Interesting. Wonder how much they'll cost in the UK? 

Slightly concerned that the 4 amps is given as the max stall current - I'd want to know the continuous power rating as well?


----------



## Greg Elmassian (Jan 3, 2008)

Normally decoders are advertised on their continuous rating, not stall, but Sountraxx has always been on the low side of power and voltage handling.

I tried using several Tsunami "1 amp" decoders in small critters and locos, gave up and used the Zimo 1 amp one and all my problems (over voltage, over current) went away with the Zimo. 

It would be wise to get some feedback.

Also, max voltage is 27v not 26, so at least it meets the NMRA standard there.

Greg


----------



## Dan Pierce (Jan 2, 2008)

Do not forget that there is a voltage spec for both AC and DC and the zimo small decoders are 35 volts DC and 50 volts AC.
The Zimo large scale decoders are 30 volts DC.

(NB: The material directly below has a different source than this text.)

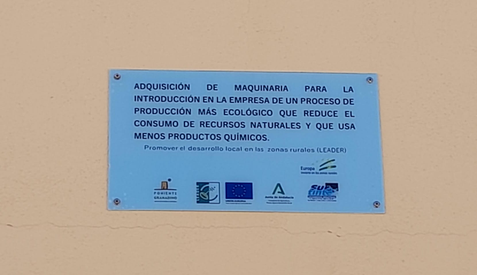 SURTINTE, S.L. ha recibido una ayuda de la Unión Europea con cargo al Fondo Europeo Agrícola de Desarrollo Rural y en colaboración con el GDR Poniente Granadino (@GDR Poniente Granadino) para el proyecto «ADQUISIÓN DE MAQUINARIA PARA LA INTRODUCCIÓN EN LA EMPRESA DE UN PROCESO DE PRODUCCIÓN MÁS ECOLÓGICO QUE REDUCE EL CONSUMO DE RECURSOS NATURALES Y QUE USA MENOS PRODUCTOS QUÍMICOS» que tiene por objetivos:

If running 21 volt digital systems this would be of no concern, but my system is running at 24.8 volts and I need to be careful of these voltage ratings plus I like having a buffer between my system rating and the decoder rating.


----------



## Greg Elmassian (Jan 3, 2008)

Wondering if anyone bought one of these yet and seen how it performs?

Greg


----------



## Treeman (Jan 6, 2008)

I ordered some just after they were announced, but have not seen them.


----------



## Greg Elmassian (Jan 3, 2008)

Thanks Mike, their sound files are OK, popular in HO. I hope it will handle most smaller locos.

Please let us know when you have them.

Greg


----------



## Treeman (Jan 6, 2008)

I received a shipment yesterday, steam and diesel, the electric sound were backordered.


----------